* _Given data_:

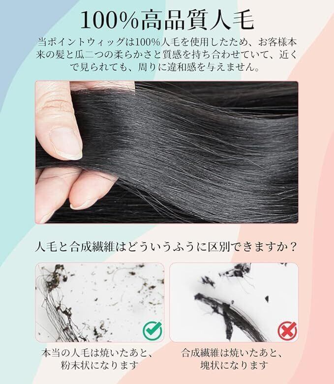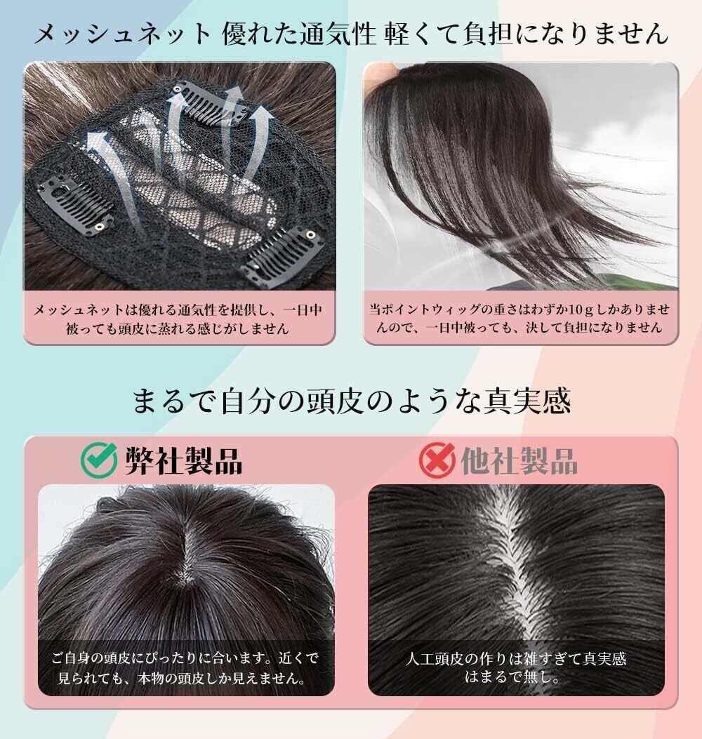 「髪の量を増やす・100%人毛」当ポイントウィッグは100%人毛を使用したため、お客様本来の髪と瓜二つの柔らかさと質感を持ち合わせていて、髪の量を増やす同時に違和感がなく、近くで見られても気づかれることがありません。 「抜群な固定力」人毛のため、本来の髪と同じように染めたり、切ったりすることもできます。ポイントウィッグの固定力が強いので、突然取れたりするようなことがありません、強い風でも問題ありません。
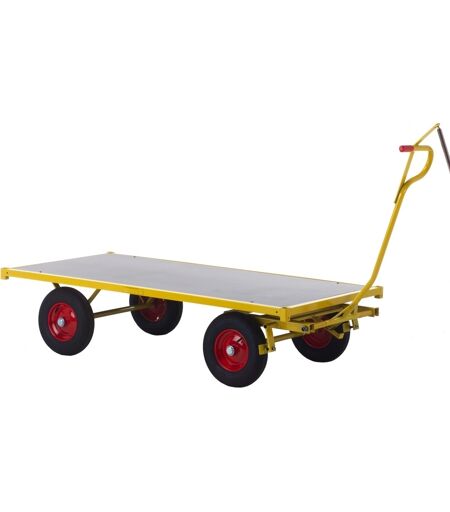 Transportvogn Trækvogn, med bremse. Produceret i Danmark - højeste kvalitet 18 mm plade af eupæisk kvalitetstræ - vandfast og kantforseglet 40x20x1,5 mm firkantede rør DIN 2394 Gul polyestermaling med god UV-bestandighed Produceret af Europæisk kvalitetsstål Specifikationer: L x B X H (mm): 2000 x 1000 x 470 Hjul: Luftgummi 4.00 x 8/6 stålfælg med kuglelejer. Egenvægt (kg): 89 Lastkap./Volume (kg/ltr.): 1200 ...
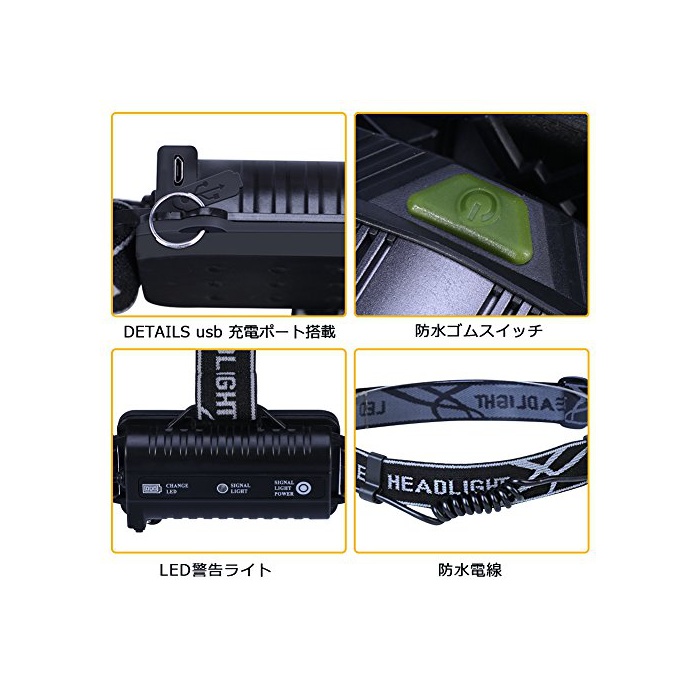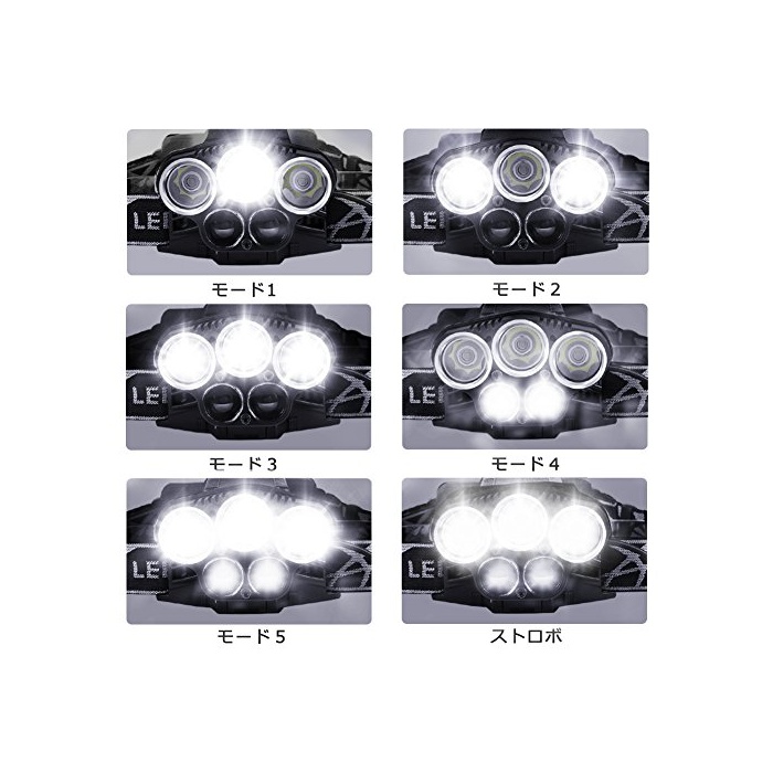 초밝기:밝은 비밀은 대규모 기업의 LED를 채용합니다.2017년 헤드라이트 광원3 * T6팁(칩)+ 2 * COB팁(칩),2000루멘초 밝기 발군의 헤드 램프(5등)입니다.하이에서도 로우에서도 충분히 밝고, 아웃도어나 작업 등에 안성마춤의 아이템입니다.
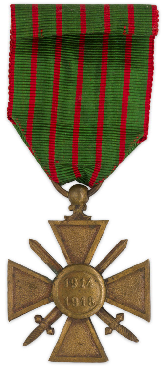 PHYSICAL DESCRIPTION: The bronze medal is in the form of cross Pattée, with crossed swords between the arms of a convex medallion to the center. To the front, the medallion is embossed the profiled head of a laurel-wearing woman, with "Republique Française" to the perimeter. To the reverse medallion are the dates "1914" and "1918." Through the pierced ball to the top of its uppermost arm passes the ring for its ribbon. It has a ribbon, which is green moire with five, vertical, narrow red stripes, and edged in red. The ribbon is folded over and stitched to itself to form a tunnel loop though which a suspension bar, a tube and pin with ball ends, has been threaded. Attached is a bronze (regiment or brigade) star. The ribbon is still nicely vibrant, while the medal has darkened with age, which brings out the highlights of the medal. A nice example.
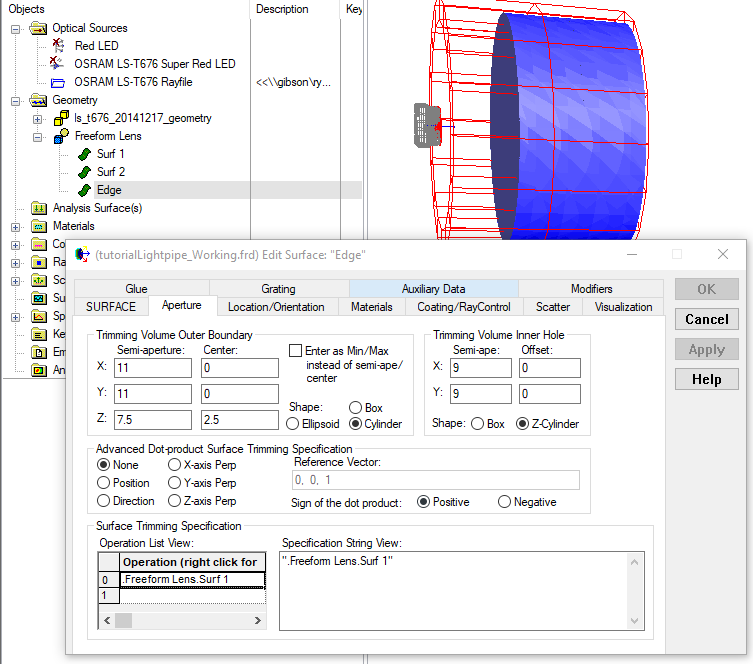 Next, we return to the Edge surface dialog trimming specification in order to remove the portion of the cylinder surface that lies to the right side of Surf 2 of the Freeform Lens. To accomplish this, we append on three more items to the trimming operation list view.
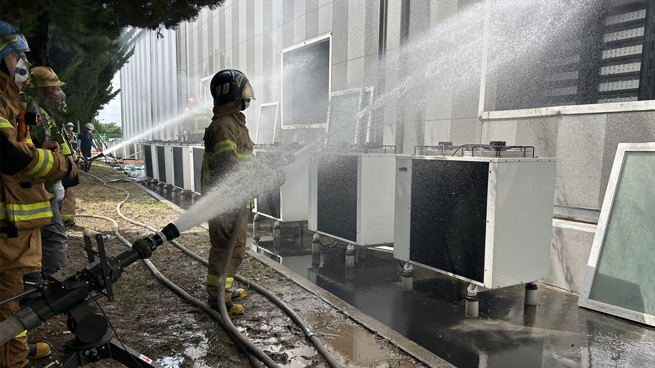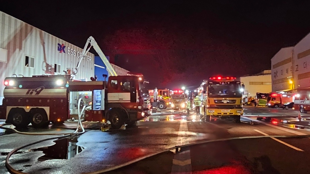 포항 동국제강 ESS 센터 화재 이틀째···"열폭주 현상에 내부 진입 못 해"

* _Work request_:
Set down every record above exactly as it stands, but skip the pictures.

* _Written solution_:
 「髪の量を増やす・100%人毛」当ポイントウィッグは100%人毛を使用したため、お客様本来の髪と瓜二つの柔らかさと質感を持ち合わせていて、髪の量を増やす同時に違和感がなく、近くで見られても気づかれることがありません。 「抜群な固定力」人毛のため、本来の髪と同じように染めたり、切ったりすることもできます。ポイントウィッグの固定力が強いので、突然取れたりするようなことがありません、強い風でも問題ありません。
 Transportvogn Trækvogn, med bremse. Produceret i Danmark - højeste kvalitet 18 mm plade af eupæisk kvalitetstræ - vandfast og kantforseglet 40x20x1,5 mm firkantede rør DIN 2394 Gul polyestermaling med god UV-bestandighed Produceret af Europæisk kvalitetsstål Specifikationer: L x B X H (mm): 2000 x 1000 x 470 Hjul: Luftgummi 4.00 x 8/6 stålfælg med kuglelejer. Egenvægt (kg): 89 Lastkap./Volume (kg/ltr.): 1200 ...
 초밝기:밝은 비밀은 대규모 기업의 LED를 채용합니다.2017년 헤드라이트 광원3 * T6팁(칩)+ 2 * COB팁(칩),2000루멘초 밝기 발군의 헤드 램프(5등)입니다.하이에서도 로우에서도 충분히 밝고, 아웃도어나 작업 등에 안성마춤의 아이템입니다.
 PHYSICAL DESCRIPTION: The bronze medal is in the form of cross Pattée, with crossed swords between the arms of a convex medallion to the center. To the front, the medallion is embossed the profiled head of a laurel-wearing woman, with "Republique Française" to the perimeter. To the reverse medallion are the dates "1914" and "1918." Through the pierced ball to the top of its uppermost arm passes the ring for its ribbon. It has a ribbon, which is green moire with five, vertical, narrow red stripes, and edged in red. The ribbon is folded over and stitched to itself to form a tunnel loop though which a suspension bar, a tube and pin with ball ends, has been threaded. Attached is a bronze (regiment or brigade) star. The ribbon is still nicely vibrant, while the medal has darkened with age, which brings out the highlights of the medal. A nice example.
 Next, we return to the Edge surface dialog trimming specification in order to remove the portion of the cylinder surface that lies to the right side of Surf 2 of the Freeform Lens. To accomplish this, we append on three more items to the trimming operation list view.
 포항 동국제강 ESS 센터 화재 이틀째···"열폭주 현상에 내부 진입 못 해"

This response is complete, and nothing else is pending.